Yeah, being that you pretty well to treat your whole tank, I'd start with the higher temps and some salt. I can't remember the exact dosage but that also really depends on what kind of fish you've got and their particular sensitivity to salt. Alot of people have been able to just let Ich run its course by doing that. If it is a full blown outbreak in the tank, you will need to medicate. Again, depends on your livestock. I know Charles had posted some of his own dosage recommendations for Quick Cure which I've personally used with success on my 135g tank before.


----------



## jayc (May 23, 2010)

ok i will add some salt soon then...as for medication, if i have to run the full course of medicating the whole tank, how much would that cost about. I have fish like oscar, green terror, texas, severums, convicts.


----------



## Mferko (Jun 8, 2010)

those SA fish can tolerate the high temps, ich isnt supposed to be able to reproduce over 85-86F so id start by raising the temp to that


----------



## neven (May 15, 2010)

i was able to rid my smaller tank from ich by just raising the temp, im sure if i salted the tank i'd have a much higher rate of survival. Its been over two months since they've been gone now. Im sure with 3 batches of guppy fry, i'd ahve seen it reappear by now


----------



## jayc (May 23, 2010)

thanks a lot guys...I feel like there is hope in curing this. I always thought that if it happens, the fish would be done!!!


----------



## Dough (Apr 21, 2010)

I just got over an Ich outbreak in my 210g as well. I raised the temp added salt and used Quick Cure that I bought from paul's. I took the very badly infected and put them in a 25g hospital tank and did the same. all good now. not 1 lost fish. This was the first time I have ever had ich. good luck. there is hope!!!


----------



## charles (Apr 21, 2010)

Mferko said:


> those SA fish can tolerate the high temps, ich isnt supposed to be able to reproduce over 85-86F so id start by raising the temp to that


raising the temperature is to speed up the cycle of the ich. It has nothing to do with reproduction.
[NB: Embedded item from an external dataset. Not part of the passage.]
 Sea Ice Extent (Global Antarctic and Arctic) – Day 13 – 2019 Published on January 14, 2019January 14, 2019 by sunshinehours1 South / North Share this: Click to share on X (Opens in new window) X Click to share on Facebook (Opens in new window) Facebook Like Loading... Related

Adding salt is supposed to burst them when they are free floating. Though without adding enough, it won't work.

Using quick cure (with the type of fish you) is the quickest way to go. A small bottle can treat 2000 g of water or so (about $5-$10 a bottle, I forgot what I paid for them).

The way I treat it is, do a 50% water change with gravel vac... then...
Day 1 - full dose
Day 2 - half dose
Day 3 - half dose
Day 4 - nothing
Day 5 - Full dose
Day 6 - half dose
Day 7 - observe and see if you need more treatment. If you see ick still, repeat the process by doing another 50% water change.
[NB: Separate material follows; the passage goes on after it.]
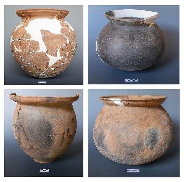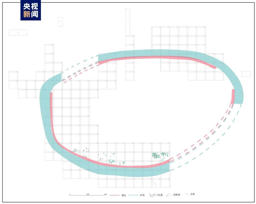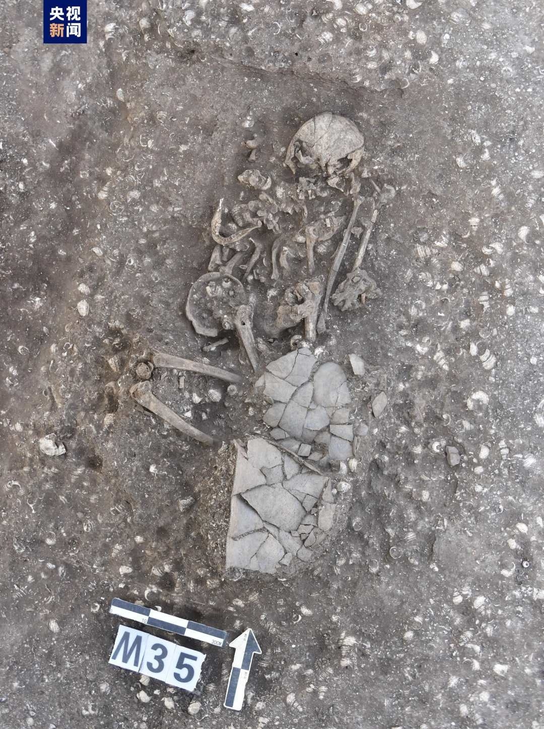 古城村遺址面積約4.2萬平方米,現(xiàn)存的貝丘堆積最厚處達6.5米,由大量尾部被敲破的螺螄殼與灰土層交替堆疊形成。碳十四測定年代為距今3600至2500年,約相當于中原地區(qū)的商代至兩周時期。商代遺存可分為早晚兩段,早段發(fā)現(xiàn)保存完整的橢圓形環(huán)壕聚落,由中心臺地、外圍環(huán)壕和護坡組成,中心臺地面積約27000平方米,環(huán)壕和護坡周長約600米,這種聚落格局一直延續(xù)至兩周時期。商代晚段發(fā)現(xiàn)一批土坑墓和甕棺葬。兩周時期的遺存以房址、螺殼堆、灰燼、活動面等居住類遺跡為主,房址多為方形半地穴式。出土青銅器、陶器、玉器、石器、骨器、木器等文物4000余件。

This is just the way it works best for me. Cut the dosage in half if you have and care about scaleless fish or tetra...


----------



## Mferko (Jun 8, 2010)

what do you mean by cycle?
i read it stops their reproduction here and on some other sites linked on these forums before Using Heat to Treat Ich in Freshwater Tropical Fish - Article at The Age of Aquariums - Tropical Fish

"With tropical fish, an increase in temperature to 30°C/86°F is usually very well-tolerated. Since this temperature prevents reproduction of Ich, it can theoretically cure the problem by itself. So the first step would be to increase the temperature slowly, 1°C/2°F per hour until the correct temperature is reached. This temperature should be maintained for 10 days, and then slowly returned to normal. Some fish can tolerate higher temperatures. If your fish are more heat tolerant, try increasing the temperature to 32°C/89.5°F for the first 3-4 days to kill the Ich. Then reduce temperature slowly to 30°C/86°F, and hold it there for an additional 6-7 days, or until a total of 10 days have passed. Gauge the heat tolerance of your fish by observing their reaction. "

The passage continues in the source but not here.